▸ PROVIDED MATERIAL:
>>>>>
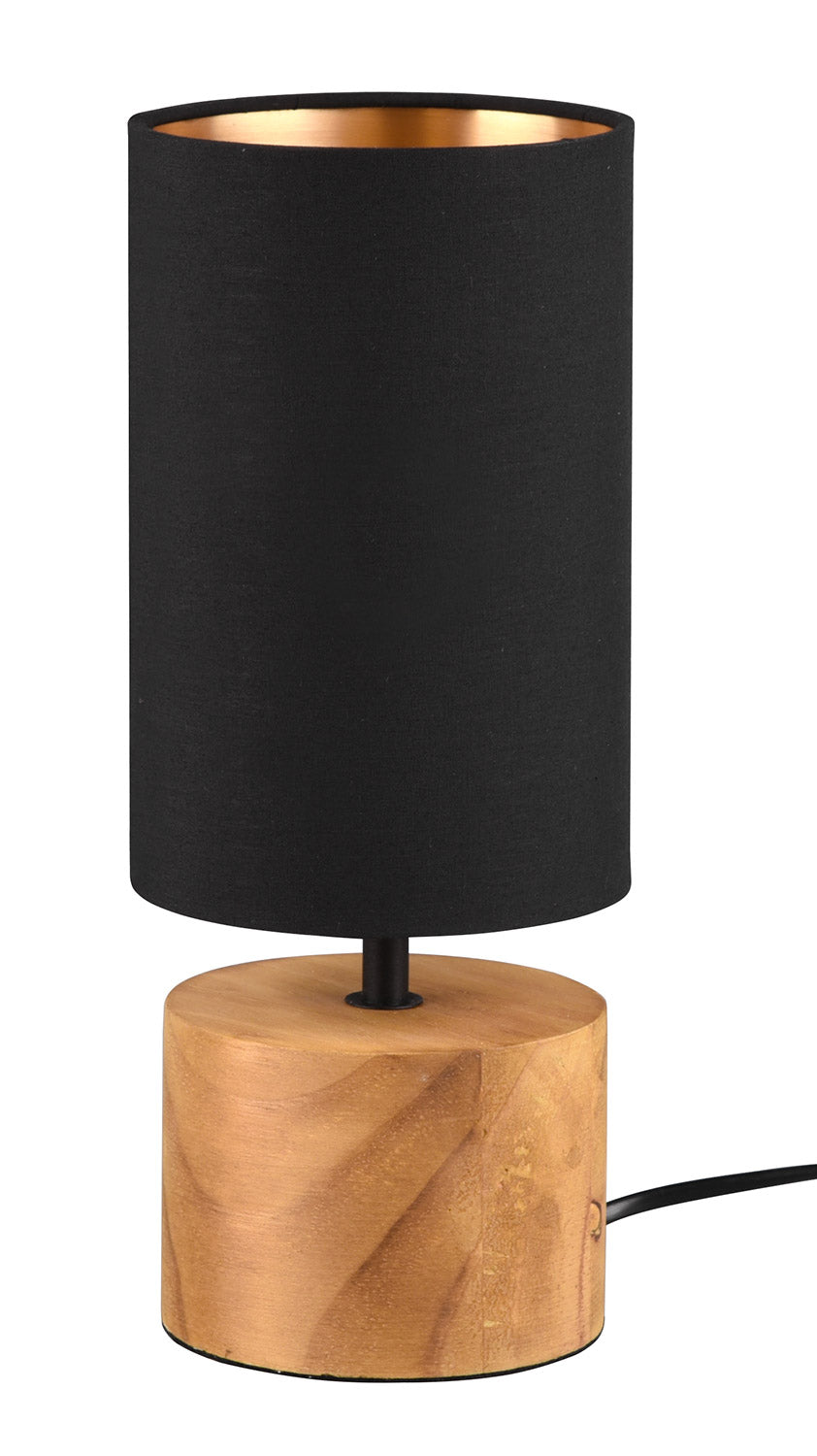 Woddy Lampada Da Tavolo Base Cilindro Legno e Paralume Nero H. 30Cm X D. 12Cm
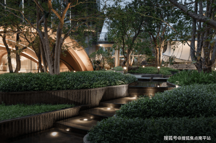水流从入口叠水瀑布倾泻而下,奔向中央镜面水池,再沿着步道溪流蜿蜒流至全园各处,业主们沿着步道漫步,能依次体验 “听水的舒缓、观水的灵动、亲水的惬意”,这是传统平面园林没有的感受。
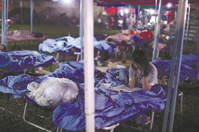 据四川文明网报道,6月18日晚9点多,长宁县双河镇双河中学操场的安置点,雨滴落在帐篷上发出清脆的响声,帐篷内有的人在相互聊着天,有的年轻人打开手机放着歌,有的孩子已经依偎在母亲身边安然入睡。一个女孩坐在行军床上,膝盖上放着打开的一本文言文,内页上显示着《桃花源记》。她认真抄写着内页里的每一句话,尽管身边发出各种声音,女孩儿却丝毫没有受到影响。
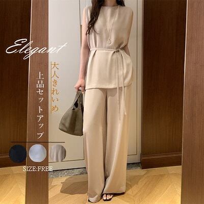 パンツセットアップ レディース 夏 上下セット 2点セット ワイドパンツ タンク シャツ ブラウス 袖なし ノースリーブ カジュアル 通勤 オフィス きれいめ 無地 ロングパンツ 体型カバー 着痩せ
<<<<<
▸ WHAT IS BEING ASKED:
Going from the line with "据四川文明网报道,6月18日" to the last line of the listing, write out each line exactly and nothing else. Leave out all pictures.

▸ YOUR SOLUTION:
 据四川文明网报道,6月18日晚9点多,长宁县双河镇双河中学操场的安置点,雨滴落在帐篷上发出清脆的响声,帐篷内有的人在相互聊着天,有的年轻人打开手机放着歌,有的孩子已经依偎在母亲身边安然入睡。一个女孩坐在行军床上,膝盖上放着打开的一本文言文,内页上显示着《桃花源记》。她认真抄写着内页里的每一句话,尽管身边发出各种声音,女孩儿却丝毫没有受到影响。
 パンツセットアップ レディース 夏 上下セット 2点セット ワイドパンツ タンク シャツ ブラウス 袖なし ノースリーブ カジュアル 通勤 オフィス きれいめ 無地 ロングパンツ 体型カバー 着痩せ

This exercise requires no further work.